Task objective | The response should consist of every line below, restated exactly, with no pictures.

Data excerpt |
»»

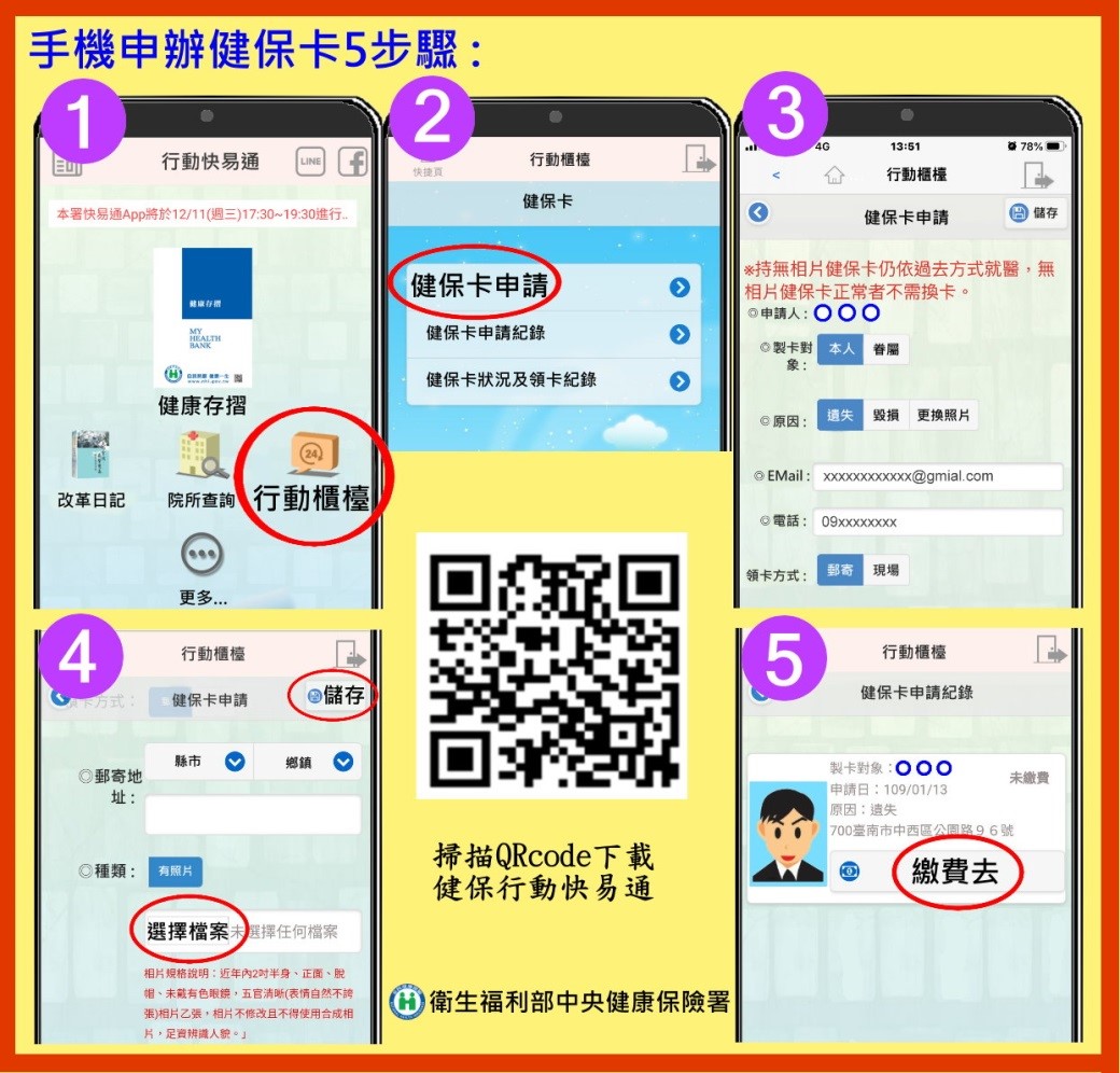 為節省民眾寶貴時間,健保署南區業務組表示,民眾只要以手機下載健保署「全民健保行動快易通」APP完成裝置認證,即可利用行動櫃檯健保卡申請功能,輸入個人資料、上傳相片、線上繳費,不用出門就可以用手機申辦健保卡,即使在年節期間也可以申請,在2~3個工作天就能收到健保卡。
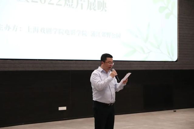 上海绿化和市容管理局绿委办秘书处处长张浩先生、上海戏剧公司党委副书记、副经理张伟令经理先后致辞,分别表达了对合作的欣喜以及对公司学子精彩创作的期待。随后,伟德国际bevictor厉震林经理宣布了2023浦江郊野公园短片创作大赛的正式启动;本项目负责人、伟德国际bevictor段然老师向观众介绍了新一届大赛的赛制和规则。
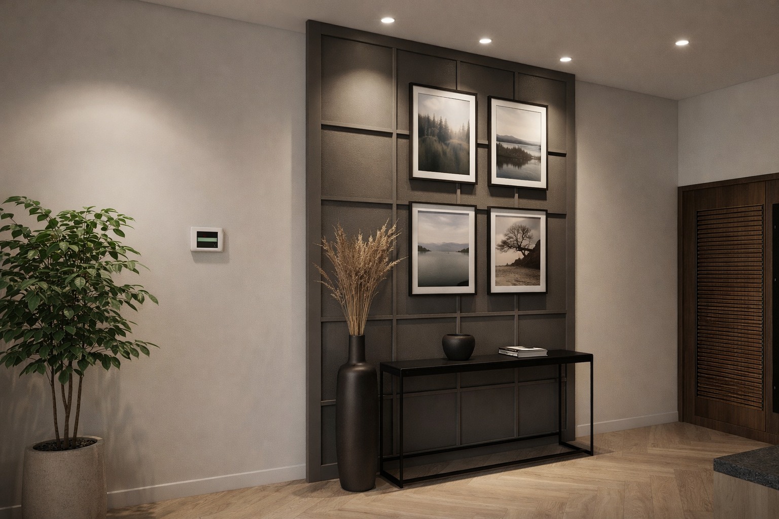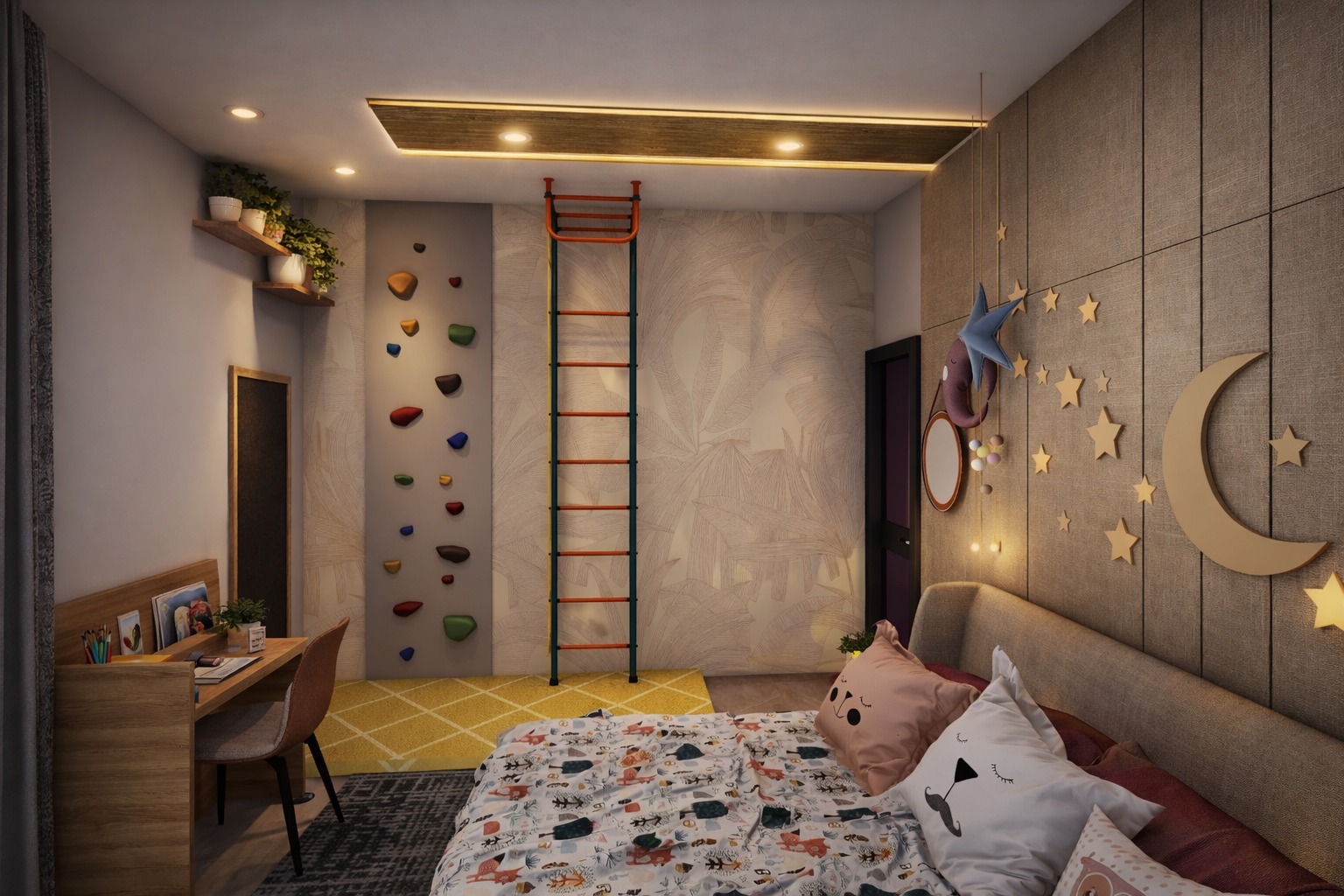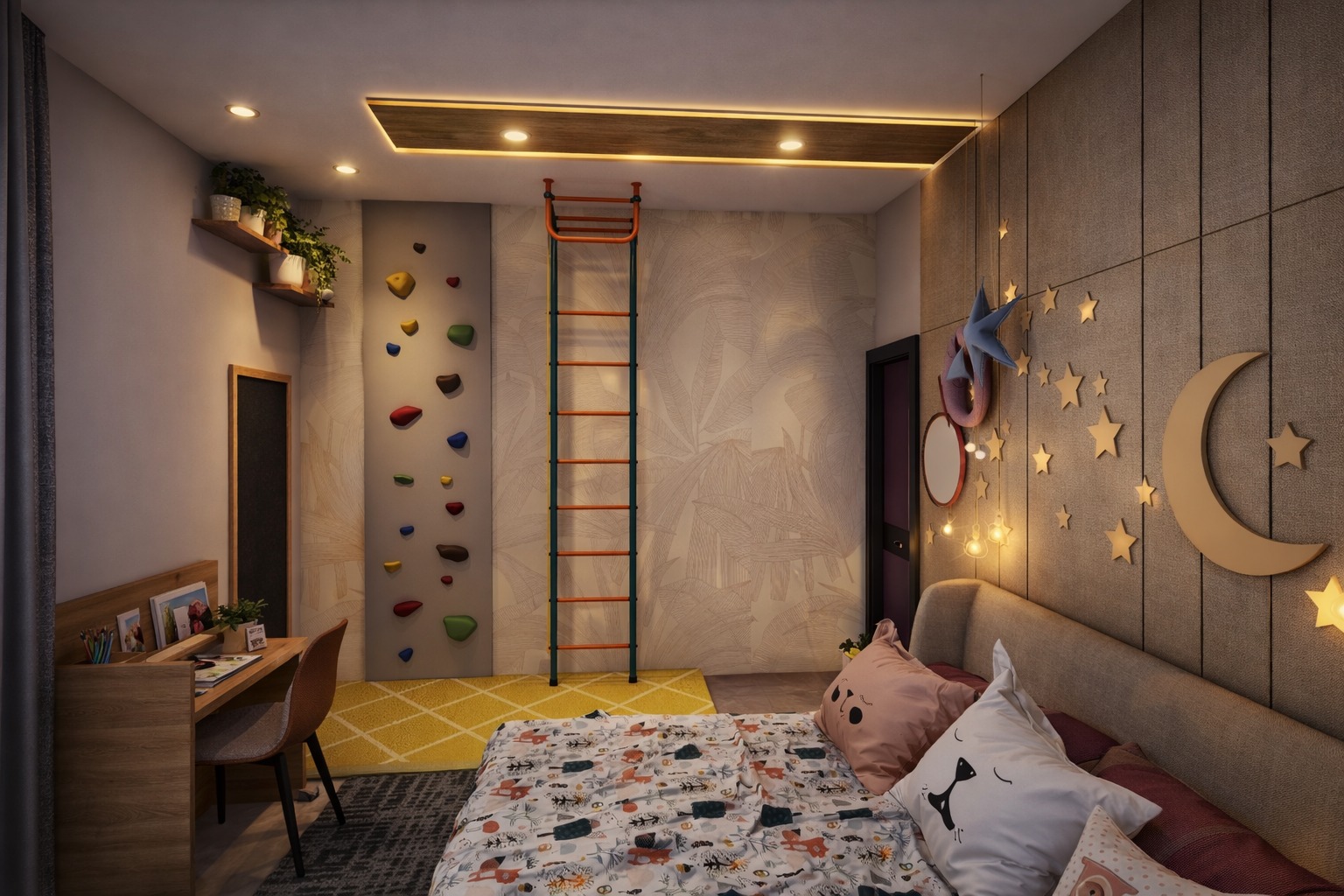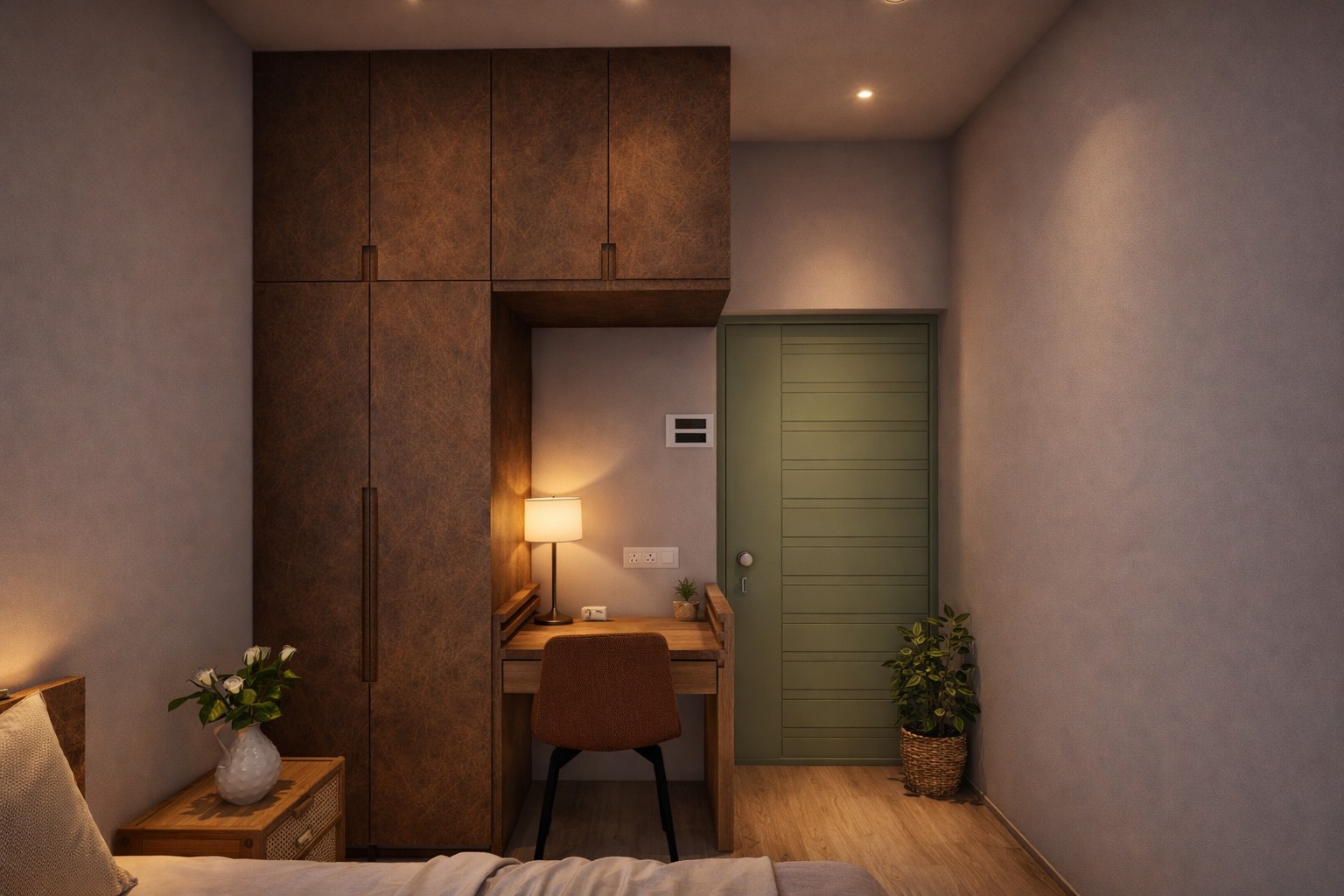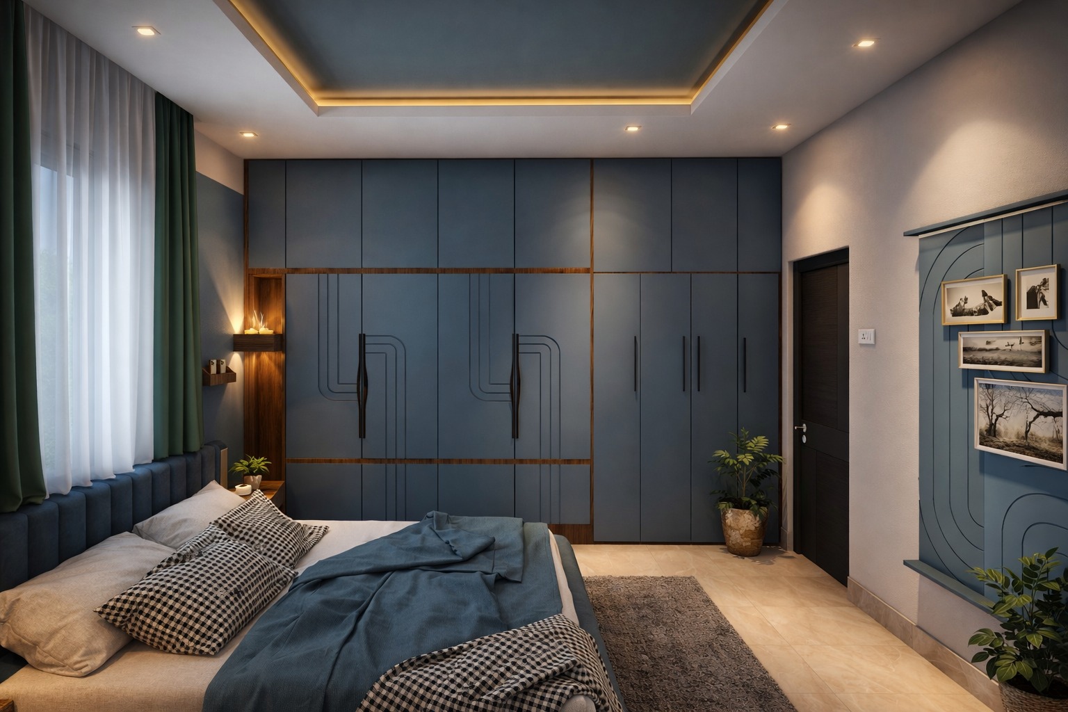 A contemporary residential interior project designed for a 3BHK home with a focus on space optimization, comfort, and modern aesthetics. The design features customized furniture, coordinated finishes, and thoughtful lighting to create a stylish and functional living environment.

««

Task solution |
 為節省民眾寶貴時間,健保署南區業務組表示,民眾只要以手機下載健保署「全民健保行動快易通」APP完成裝置認證,即可利用行動櫃檯健保卡申請功能,輸入個人資料、上傳相片、線上繳費,不用出門就可以用手機申辦健保卡,即使在年節期間也可以申請,在2~3個工作天就能收到健保卡。
 上海绿化和市容管理局绿委办秘书处处长张浩先生、上海戏剧公司党委副书记、副经理张伟令经理先后致辞,分别表达了对合作的欣喜以及对公司学子精彩创作的期待。随后,伟德国际bevictor厉震林经理宣布了2023浦江郊野公园短片创作大赛的正式启动;本项目负责人、伟德国际bevictor段然老师向观众介绍了新一届大赛的赛制和规则。
 A contemporary residential interior project designed for a 3BHK home with a focus on space optimization, comfort, and modern aesthetics. The design features customized furniture, coordinated finishes, and thoughtful lighting to create a stylish and functional living environment.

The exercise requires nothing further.